I pounced on the old woman with vicious intent. She had angered me with her snide and sarcastic words. I had with me a small paring knife I had found in the rubble of my house, and now I used it to cut the hag’s throat. As her blood began to run down her neck, I brought Penelope over to drink her fill with the hope that this new infusion of blood would rejuvenate her and return her to me as she had been. Unfortunately, it was not to be. I drank as well, with a savage rage directed at the unrelenting gods. When we both finished, I gently wiped Penelope’s mouth with the old cloak, and then rummaged through the hag’s belongings beside her now-dead body. I found a decent cloak, a gown and a pair of sandals. After dressing Penelope, I carried her out of this loathsome place and searched for a decent dwelling to bide our time. I found an abandoned house, barely touched by the disaster. We spent the night there with Penelope wrapped in my tender, loving embrace. Sometime during the night she passed away as I sang softly to her and rocked her in my arms.

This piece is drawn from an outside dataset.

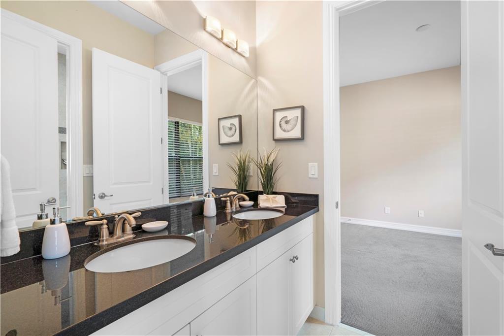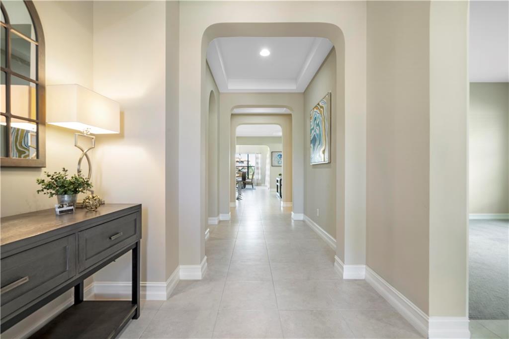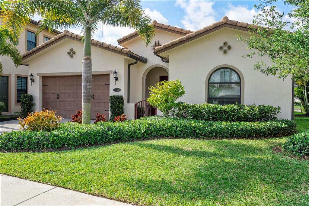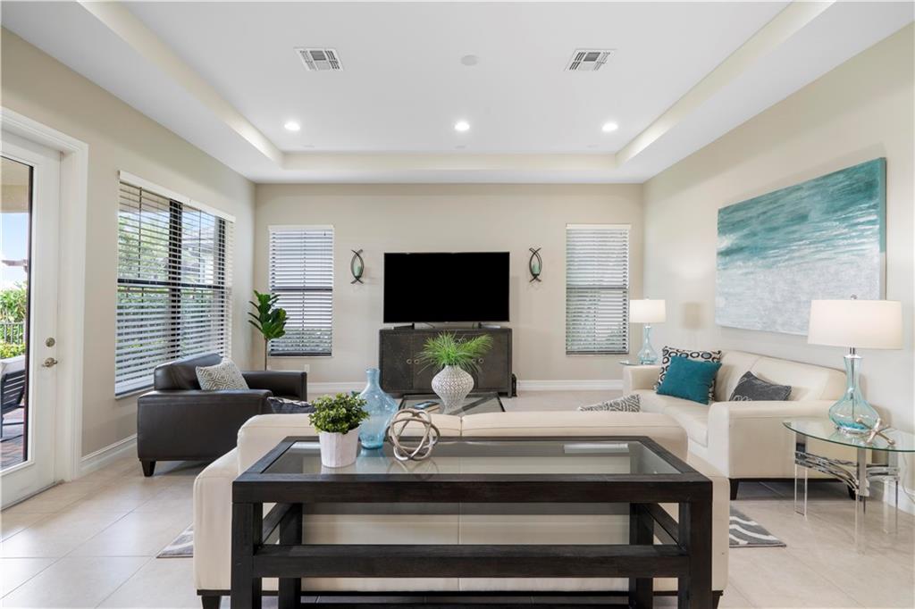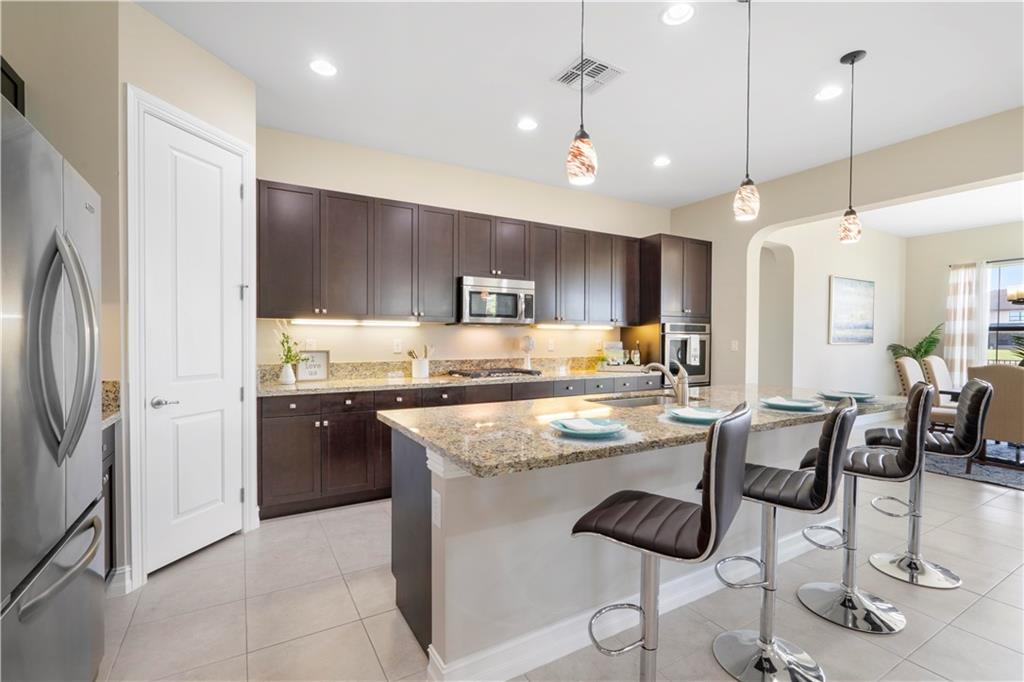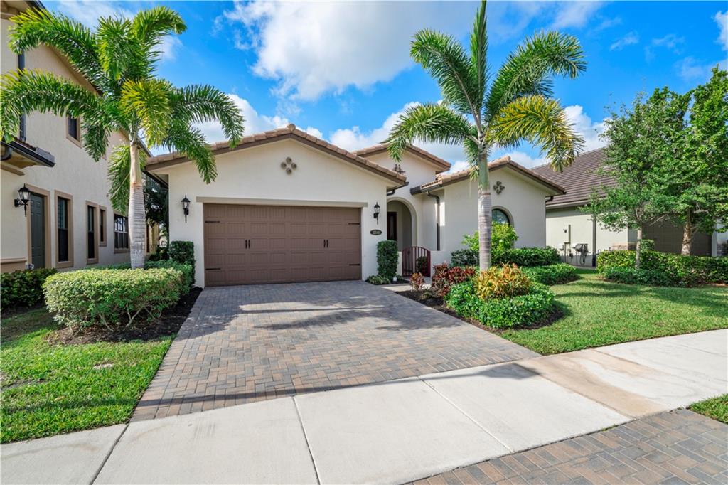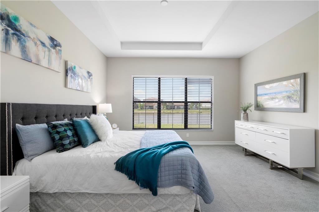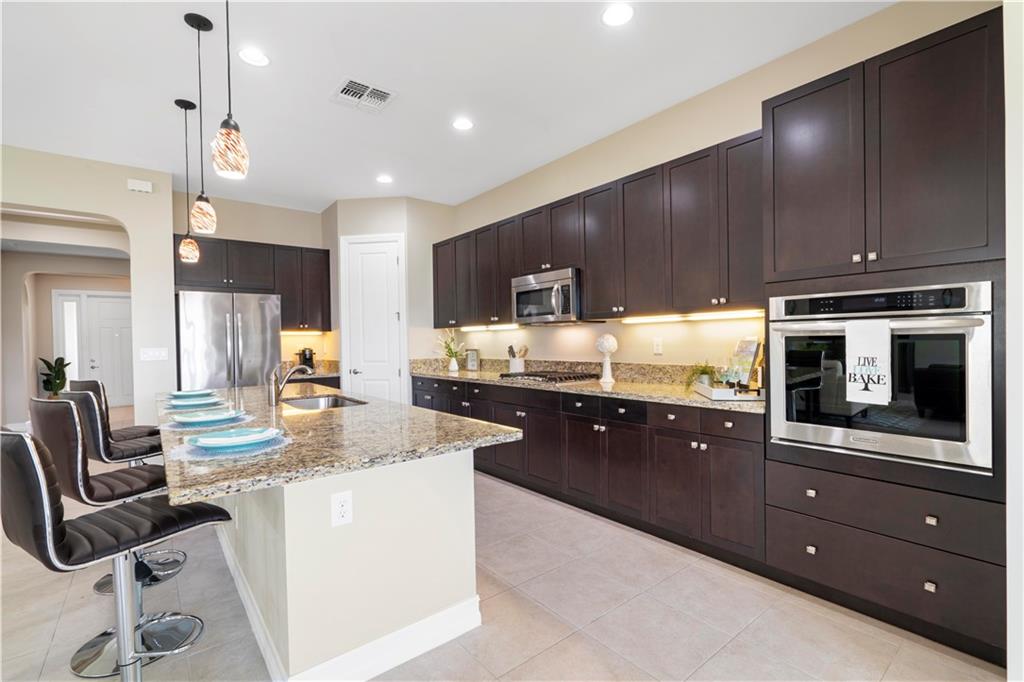 This beautiful Kensington Model is located on a prime lot with tranquil water views! Features include an open floor plan with a foyer entrance, tray ceilings, light grey interior paint, great room, casual dining, tile floors in the main living areas, upgraded carpeting in the bedrooms, wood floors in the den ( 4th bedroom ), smooth walls & ceilings and recessed lighting! The kitchen has espresso wood cabinets, granite counters, under cabinet & pendant lights, pantry, a huge center island & Kitchen Aid stainless steel appliances! All the bathrooms have white vanities with quartz counters and tile to the ceiling with decorative listello trim! Enjoy the covered patio, the fenced landscaped yard & the water views! This gated community has amazing amenities! South Florida Living at its best!

Fires continued to burn throughout the city, and so I knew the funerary fire I built out back would not garner anyone’s interest or concern. I built a makeshift funeral pyre with pieces of wood and some hemp rope, and then gently laid Penelope on top. My lover looked so serene now. The long lashes of her closed eyes brushed the wrinkled folds of her cheeks, and her mouth, in the moment of death, had formed a rosebud smile of peace and contentment. I was glad she no longer suffered from such a cruel and hideous decimation. Before I allowed the flames to consume her, I cut a length of Penelope’s once beautiful hair to keep as a memento of our love. Miraculously, after I cut the strands with a knife, her brittle, dull-gray hair turned back to its soft, vibrant red color. For a moment I hoped this sign meant that Penelope hadn’t been lost to me forever, that somewhere, somehow we would be reunited.

But until such a wish came true, I had to put Penelope to rest as she wanted. After pulling the pyre into the fire, I stood back and tried to formulate some words that would be appropriate for my grief, but none came as I watched the flames consume my lover’s body. Yet as I stood there I formed a plan. When I returned to Pompeii in order to rebuild my life with the money I had in safekeeping, I would hire a master craftsman to construct a beautiful cask in which to house Penelope’s ashes and her hair, a fitting memorial to my lost love. It would be in my possession always.